● **What this task involves**:
Find the line with "- Protecție împotriva" in the entries below, then output every line from it down to the line with "It's easy to", exactly and with no pictures.

● **Provided data**:

-*-

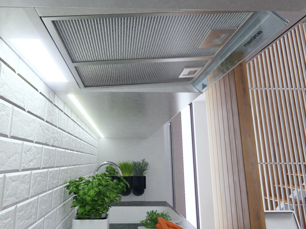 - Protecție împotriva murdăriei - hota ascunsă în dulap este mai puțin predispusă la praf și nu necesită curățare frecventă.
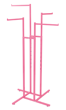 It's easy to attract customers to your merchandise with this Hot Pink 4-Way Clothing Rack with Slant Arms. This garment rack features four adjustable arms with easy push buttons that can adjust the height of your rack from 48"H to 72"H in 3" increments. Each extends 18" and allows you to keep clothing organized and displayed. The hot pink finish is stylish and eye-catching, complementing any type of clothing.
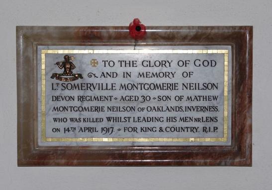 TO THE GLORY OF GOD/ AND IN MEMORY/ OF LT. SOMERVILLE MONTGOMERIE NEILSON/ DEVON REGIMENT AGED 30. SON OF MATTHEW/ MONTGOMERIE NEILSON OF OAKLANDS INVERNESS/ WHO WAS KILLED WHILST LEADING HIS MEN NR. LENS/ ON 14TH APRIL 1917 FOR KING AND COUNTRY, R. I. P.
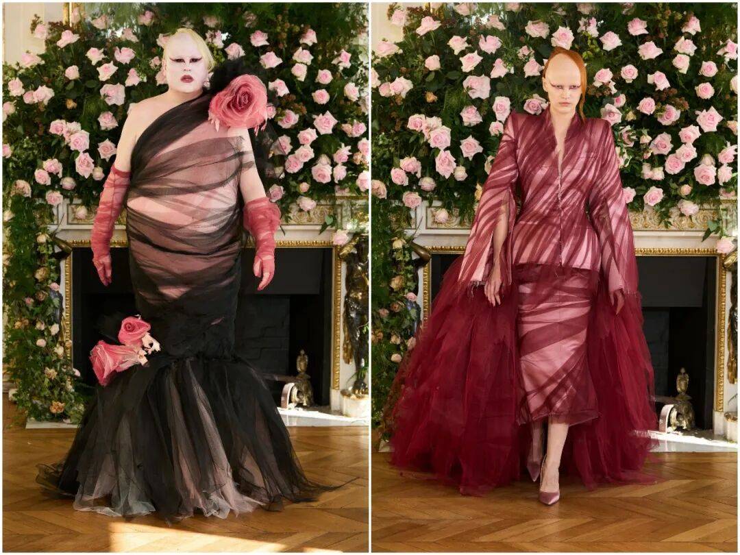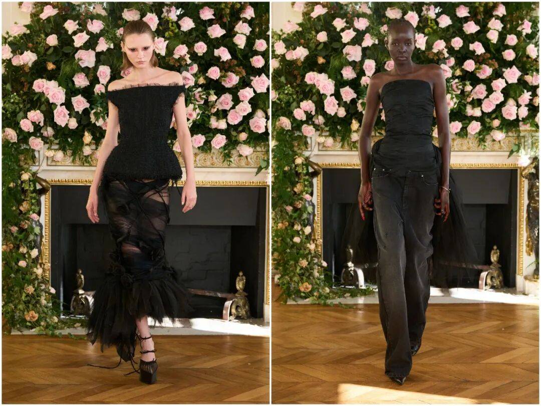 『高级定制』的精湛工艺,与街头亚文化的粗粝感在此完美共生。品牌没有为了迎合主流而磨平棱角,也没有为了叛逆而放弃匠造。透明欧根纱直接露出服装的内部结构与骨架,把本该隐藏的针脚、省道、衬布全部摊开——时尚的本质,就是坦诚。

-*-

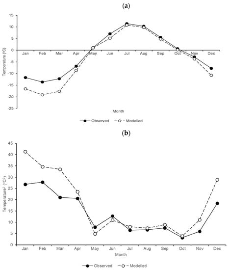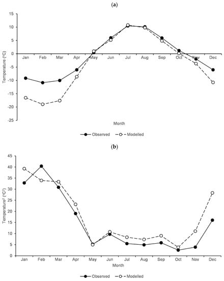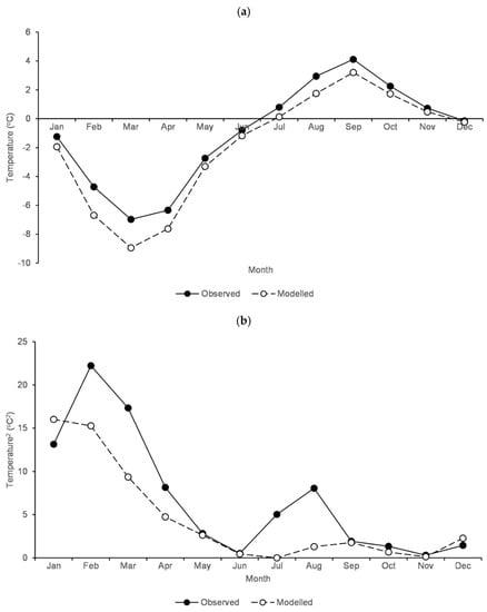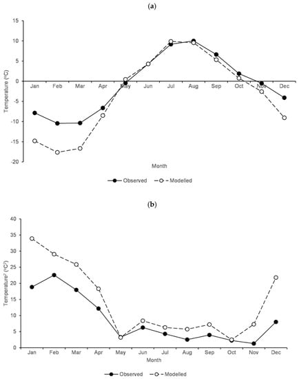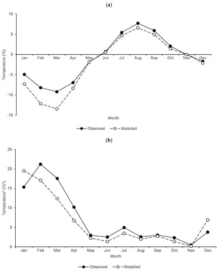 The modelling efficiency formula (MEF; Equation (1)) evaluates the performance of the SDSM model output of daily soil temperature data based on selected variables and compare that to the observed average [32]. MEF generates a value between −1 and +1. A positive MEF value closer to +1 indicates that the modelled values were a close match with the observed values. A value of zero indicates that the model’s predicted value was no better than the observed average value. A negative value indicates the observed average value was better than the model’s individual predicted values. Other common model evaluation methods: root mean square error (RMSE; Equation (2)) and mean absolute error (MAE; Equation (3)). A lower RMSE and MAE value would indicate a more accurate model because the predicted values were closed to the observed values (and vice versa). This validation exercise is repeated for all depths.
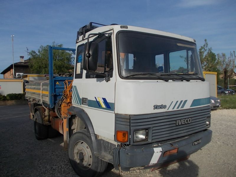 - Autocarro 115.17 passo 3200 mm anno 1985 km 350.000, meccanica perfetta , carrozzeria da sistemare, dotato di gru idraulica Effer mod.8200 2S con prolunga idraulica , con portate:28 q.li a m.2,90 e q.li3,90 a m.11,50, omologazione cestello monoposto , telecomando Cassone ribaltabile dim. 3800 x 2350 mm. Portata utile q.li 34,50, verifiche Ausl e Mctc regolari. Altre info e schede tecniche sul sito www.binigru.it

-*-

● **Result of this exercise**:
 - Protecție împotriva murdăriei - hota ascunsă în dulap este mai puțin predispusă la praf și nu necesită curățare frecventă.
 It's easy to attract customers to your merchandise with this Hot Pink 4-Way Clothing Rack with Slant Arms. This garment rack features four adjustable arms with easy push buttons that can adjust the height of your rack from 48"H to 72"H in 3" increments. Each extends 18" and allows you to keep clothing organized and displayed. The hot pink finish is stylish and eye-catching, complementing any type of clothing.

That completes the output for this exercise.